**RECORD EXTRACTS**
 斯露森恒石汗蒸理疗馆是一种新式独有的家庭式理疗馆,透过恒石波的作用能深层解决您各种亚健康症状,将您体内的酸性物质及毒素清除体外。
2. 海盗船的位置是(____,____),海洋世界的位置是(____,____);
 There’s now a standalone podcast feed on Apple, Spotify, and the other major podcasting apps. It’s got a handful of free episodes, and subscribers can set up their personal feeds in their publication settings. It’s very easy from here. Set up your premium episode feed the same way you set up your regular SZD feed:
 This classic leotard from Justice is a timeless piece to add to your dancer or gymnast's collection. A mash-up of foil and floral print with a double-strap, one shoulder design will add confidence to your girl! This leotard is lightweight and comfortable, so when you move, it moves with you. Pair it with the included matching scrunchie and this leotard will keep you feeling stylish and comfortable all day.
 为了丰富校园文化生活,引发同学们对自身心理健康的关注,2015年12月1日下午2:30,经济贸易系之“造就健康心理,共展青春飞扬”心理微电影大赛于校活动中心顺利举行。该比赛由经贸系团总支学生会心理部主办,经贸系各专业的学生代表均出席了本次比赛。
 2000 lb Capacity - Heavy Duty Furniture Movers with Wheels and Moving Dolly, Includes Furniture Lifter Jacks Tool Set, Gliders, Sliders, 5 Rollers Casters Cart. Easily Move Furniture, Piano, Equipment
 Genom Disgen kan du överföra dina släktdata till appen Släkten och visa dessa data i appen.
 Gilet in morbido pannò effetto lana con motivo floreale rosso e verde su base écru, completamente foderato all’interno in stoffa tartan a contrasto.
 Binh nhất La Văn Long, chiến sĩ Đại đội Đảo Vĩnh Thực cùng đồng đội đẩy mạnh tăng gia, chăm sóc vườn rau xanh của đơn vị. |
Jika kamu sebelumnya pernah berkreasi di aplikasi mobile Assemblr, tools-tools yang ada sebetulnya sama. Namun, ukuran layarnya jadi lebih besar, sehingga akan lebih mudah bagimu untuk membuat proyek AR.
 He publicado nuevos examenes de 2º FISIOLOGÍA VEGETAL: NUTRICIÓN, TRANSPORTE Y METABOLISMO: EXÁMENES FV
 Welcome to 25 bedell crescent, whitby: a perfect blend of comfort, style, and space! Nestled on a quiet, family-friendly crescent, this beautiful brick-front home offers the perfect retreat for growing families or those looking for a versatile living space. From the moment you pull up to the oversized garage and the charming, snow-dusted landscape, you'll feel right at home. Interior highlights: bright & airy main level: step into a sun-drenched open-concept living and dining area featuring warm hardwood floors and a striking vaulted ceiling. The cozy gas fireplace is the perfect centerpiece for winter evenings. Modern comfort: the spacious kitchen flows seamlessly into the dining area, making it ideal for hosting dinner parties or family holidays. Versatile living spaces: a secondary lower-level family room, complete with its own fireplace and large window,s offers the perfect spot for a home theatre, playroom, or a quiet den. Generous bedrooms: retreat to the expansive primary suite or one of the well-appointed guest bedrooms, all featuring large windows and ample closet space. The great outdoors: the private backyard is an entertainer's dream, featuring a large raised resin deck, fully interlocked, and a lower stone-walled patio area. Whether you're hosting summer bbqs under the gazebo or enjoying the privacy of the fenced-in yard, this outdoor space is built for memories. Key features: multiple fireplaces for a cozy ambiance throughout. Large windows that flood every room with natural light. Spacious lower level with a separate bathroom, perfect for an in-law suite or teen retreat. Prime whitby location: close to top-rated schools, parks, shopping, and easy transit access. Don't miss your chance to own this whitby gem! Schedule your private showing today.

**TASK ITEM**
The full listing needs to be output again, exactly as it reads.

**YOUR RESPONSE**
 斯露森恒石汗蒸理疗馆是一种新式独有的家庭式理疗馆,透过恒石波的作用能深层解决您各种亚健康症状,将您体内的酸性物质及毒素清除体外。
2. 海盗船的位置是(____,____),海洋世界的位置是(____,____);
 There’s now a standalone podcast feed on Apple, Spotify, and the other major podcasting apps. It’s got a handful of free episodes, and subscribers can set up their personal feeds in their publication settings. It’s very easy from here. Set up your premium episode feed the same way you set up your regular SZD feed:
 This classic leotard from Justice is a timeless piece to add to your dancer or gymnast's collection. A mash-up of foil and floral print with a double-strap, one shoulder design will add confidence to your girl! This leotard is lightweight and comfortable, so when you move, it moves with you. Pair it with the included matching scrunchie and this leotard will keep you feeling stylish and comfortable all day.
 为了丰富校园文化生活,引发同学们对自身心理健康的关注,2015年12月1日下午2:30,经济贸易系之“造就健康心理,共展青春飞扬”心理微电影大赛于校活动中心顺利举行。该比赛由经贸系团总支学生会心理部主办,经贸系各专业的学生代表均出席了本次比赛。
 2000 lb Capacity - Heavy Duty Furniture Movers with Wheels and Moving Dolly, Includes Furniture Lifter Jacks Tool Set, Gliders, Sliders, 5 Rollers Casters Cart. Easily Move Furniture, Piano, Equipment
 Genom Disgen kan du överföra dina släktdata till appen Släkten och visa dessa data i appen.
 Gilet in morbido pannò effetto lana con motivo floreale rosso e verde su base écru, completamente foderato all’interno in stoffa tartan a contrasto.
 Binh nhất La Văn Long, chiến sĩ Đại đội Đảo Vĩnh Thực cùng đồng đội đẩy mạnh tăng gia, chăm sóc vườn rau xanh của đơn vị. |
Jika kamu sebelumnya pernah berkreasi di aplikasi mobile Assemblr, tools-tools yang ada sebetulnya sama. Namun, ukuran layarnya jadi lebih besar, sehingga akan lebih mudah bagimu untuk membuat proyek AR.
 He publicado nuevos examenes de 2º FISIOLOGÍA VEGETAL: NUTRICIÓN, TRANSPORTE Y METABOLISMO: EXÁMENES FV
 Welcome to 25 bedell crescent, whitby: a perfect blend of comfort, style, and space! Nestled on a quiet, family-friendly crescent, this beautiful brick-front home offers the perfect retreat for growing families or those looking for a versatile living space. From the moment you pull up to the oversized garage and the charming, snow-dusted landscape, you'll feel right at home. Interior highlights: bright & airy main level: step into a sun-drenched open-concept living and dining area featuring warm hardwood floors and a striking vaulted ceiling. The cozy gas fireplace is the perfect centerpiece for winter evenings. Modern comfort: the spacious kitchen flows seamlessly into the dining area, making it ideal for hosting dinner parties or family holidays. Versatile living spaces: a secondary lower-level family room, complete with its own fireplace and large window,s offers the perfect spot for a home theatre, playroom, or a quiet den. Generous bedrooms: retreat to the expansive primary suite or one of the well-appointed guest bedrooms, all featuring large windows and ample closet space. The great outdoors: the private backyard is an entertainer's dream, featuring a large raised resin deck, fully interlocked, and a lower stone-walled patio area. Whether you're hosting summer bbqs under the gazebo or enjoying the privacy of the fenced-in yard, this outdoor space is built for memories. Key features: multiple fireplaces for a cozy ambiance throughout. Large windows that flood every room with natural light. Spacious lower level with a separate bathroom, perfect for an in-law suite or teen retreat. Prime whitby location: close to top-rated schools, parks, shopping, and easy transit access. Don't miss your chance to own this whitby gem! Schedule your private showing today.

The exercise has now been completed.